▸ **Work instructions**
Exercise in exact copying: restate word for word only the lines below from the one containing "Collaborating with Detroit" through the one containing "Going in for", omitting any pictures.

▸ **Exercise inputs**
⟨
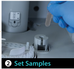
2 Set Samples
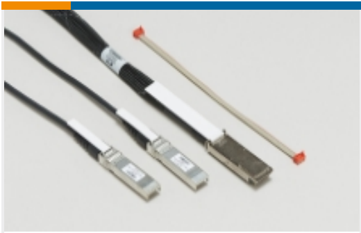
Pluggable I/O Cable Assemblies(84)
⟩
⟨
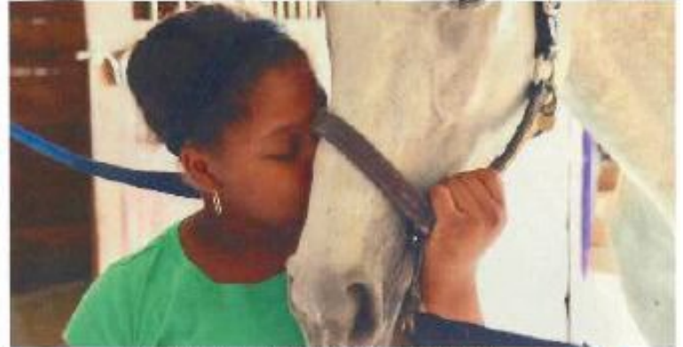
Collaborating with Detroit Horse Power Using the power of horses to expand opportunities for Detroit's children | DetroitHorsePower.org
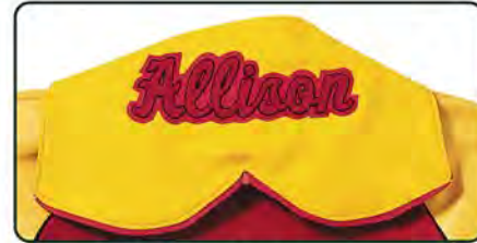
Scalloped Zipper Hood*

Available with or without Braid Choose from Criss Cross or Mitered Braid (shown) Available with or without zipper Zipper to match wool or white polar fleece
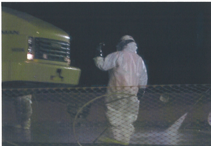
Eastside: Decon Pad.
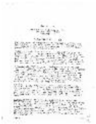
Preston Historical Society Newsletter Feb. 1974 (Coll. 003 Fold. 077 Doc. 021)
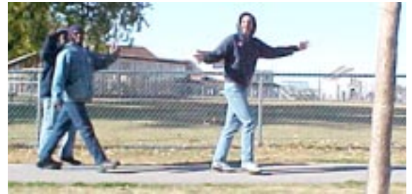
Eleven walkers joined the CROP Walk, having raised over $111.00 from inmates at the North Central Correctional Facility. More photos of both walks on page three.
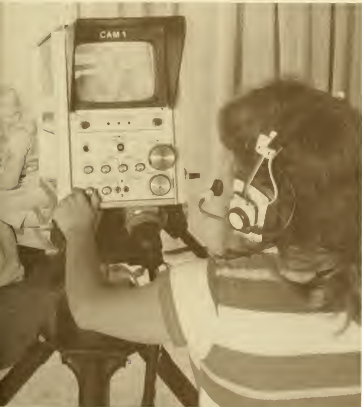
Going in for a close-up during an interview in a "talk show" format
⟩
⟨
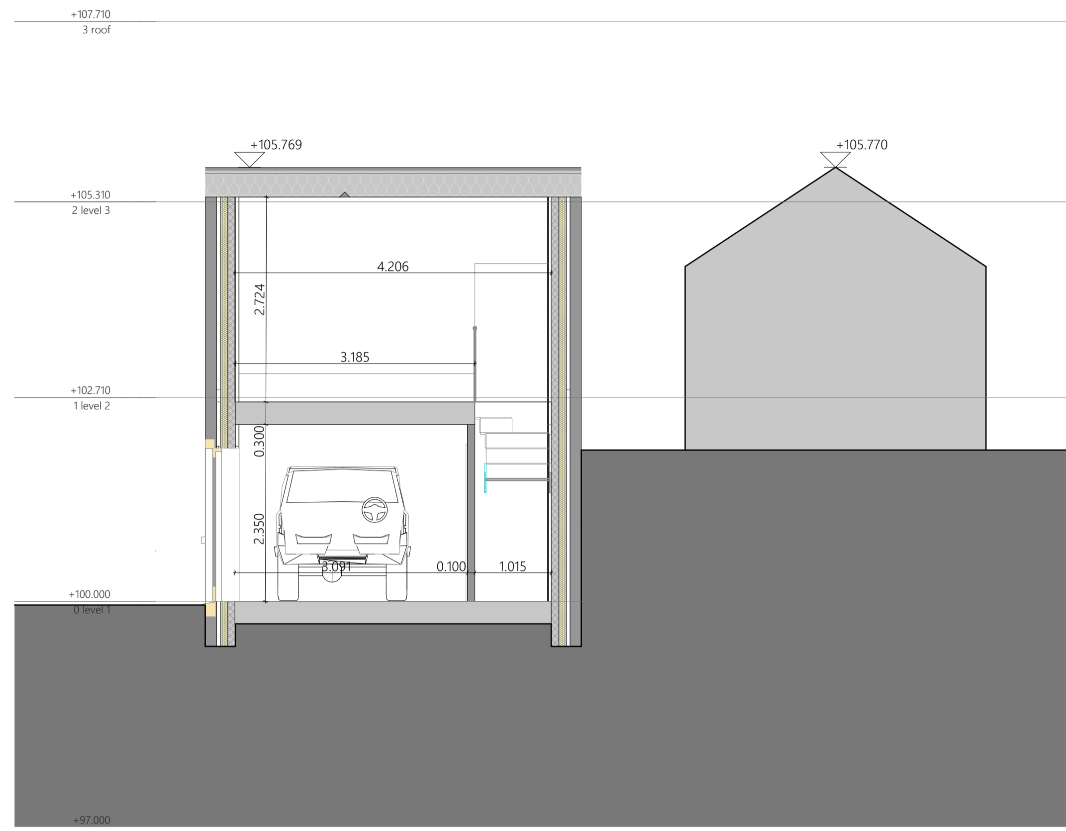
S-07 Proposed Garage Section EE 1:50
⟩
▸ **Response box**
Collaborating with Detroit Horse Power Using the power of horses to expand opportunities for Detroit's children | DetroitHorsePower.org
Scalloped Zipper Hood*

Available with or without Braid Choose from Criss Cross or Mitered Braid (shown) Available with or without zipper Zipper to match wool or white polar fleece
Eastside: Decon Pad.
Preston Historical Society Newsletter Feb. 1974 (Coll. 003 Fold. 077 Doc. 021)
Eleven walkers joined the CROP Walk, having raised over $111.00 from inmates at the North Central Correctional Facility. More photos of both walks on page three.
Going in for a close-up during an interview in a "talk show" format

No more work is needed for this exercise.